In this seminar, Karin and Gosia will present their most recent works in the field of self-efficacy, in which they focused on answering questions related to self-efficacy appraisal and development, while addressing issues revolving around the meaning, measurement and operationalisation of the concept. Karin will discuss how she used factor analyses to investigate the structural validity of Norwegian students’ level, strength, and facet-specific mathematics self-efficacy, and structural equation models to investigate changes in self-efficacy over time. Gosia will explain how, utilising an abductive interpretative phenomenological analysis, she engaged with ‘English’ pre-service secondary mathematics teachers’ meaning-making in the narrative process of their teacher self-efficacy appraisal.
This seminar will provide an opportunity to gain insight into the current state of the field of self-efficacy in mathematics education and engage in a wider discussion about different methodologies employed in search for answers to longstanding questions.
Tasks considered challenging or cognitively demanding are often reserved for only those students perceived by their teachers to be the most capable. More recently, challenge and struggle have become recognised as important elements of instruction that promotes conceptual understanding and higher order learning of all students. In this presentation, I draw upon an intervention study designed to assist teachers of 5 to 8-year-old students implement and develop pedagogy intended to engage all students in learning challenging mathematics. After outlining key elements of the study, findings from teachers and students will be presented to highlight the impact of the intervention.
Professor Janette Bobis is a mathematics educator and researcher in the Sydney School of Education and Social Work at the University of Sydney. She teaches in the areas of primary and early childhood mathematics education and curriculum studies at the undergraduate and graduate levels. Her teaching, research and publications focus on two interrelated areas: (a)teacher learning in mathematics education, particularly knowledge, beliefs and practices of primary and middle years teachers; and (b)student learning, predominantly concerned with their motivation and engagement in mathematics and their understanding of estimation and mental computation strategies.

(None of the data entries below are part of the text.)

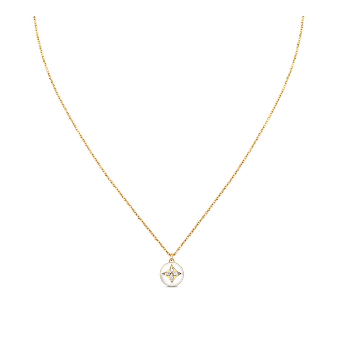 A delicate yet modern jewel, this B Blossom pendant features a finely sculpted motif made from white agate, and set with four diamonds. The brilliant gems compose a pattern that echoes the Monogram Flower, designed by Georges-Lothtuis Vuithttton. Suspended from a chain in 18-karat yellow gold, it can be worn solo or layered, for a personalized look.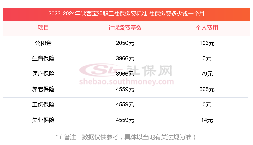 2025年陕西宝鸡社保缴费多少钱?下表是2024-2025年陕西宝鸡社保费用明细参考,新社通app-社保缴费查询工具提供的最新数据如下: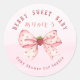 Pegatina Redonda Berry Sweet Baby Coquette Bow Pink Watercolor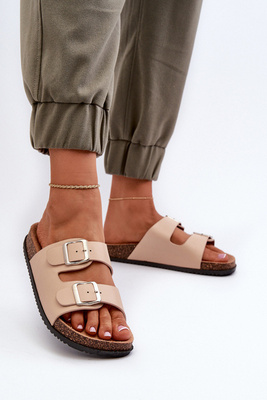 Klapki Damskie Z Klamrami Beżowe Oliena

One challenge of mathematics learning is to see mathematics as a sensemaking endeavor – to not only connect concepts and practices, but become a problem solver, develop metacognitive understandings, and develop productive mathematical beliefs. Opportunities for such understandings are rare in schools. Moreover, understanding mathematics is only one component of effective or “ambitious” teaching – better framed as the creation of mathematically rich and equitable learning environments. The challenge is to create robust learning environments that support every student in developing not only the knowledge and practices that underlie effective mathematical thinking, but that help them develop the sense of agency to engage in sense making. This implicates issues of race and equity, which are a challenge not only in classrooms but in society at large; structural and social inequities permeate the schools, as well as below par curricula, assessments, and professional development. I point to existence proofs that at least some these challenges can be addressed, while documenting the substantial challenges to making progress at scale.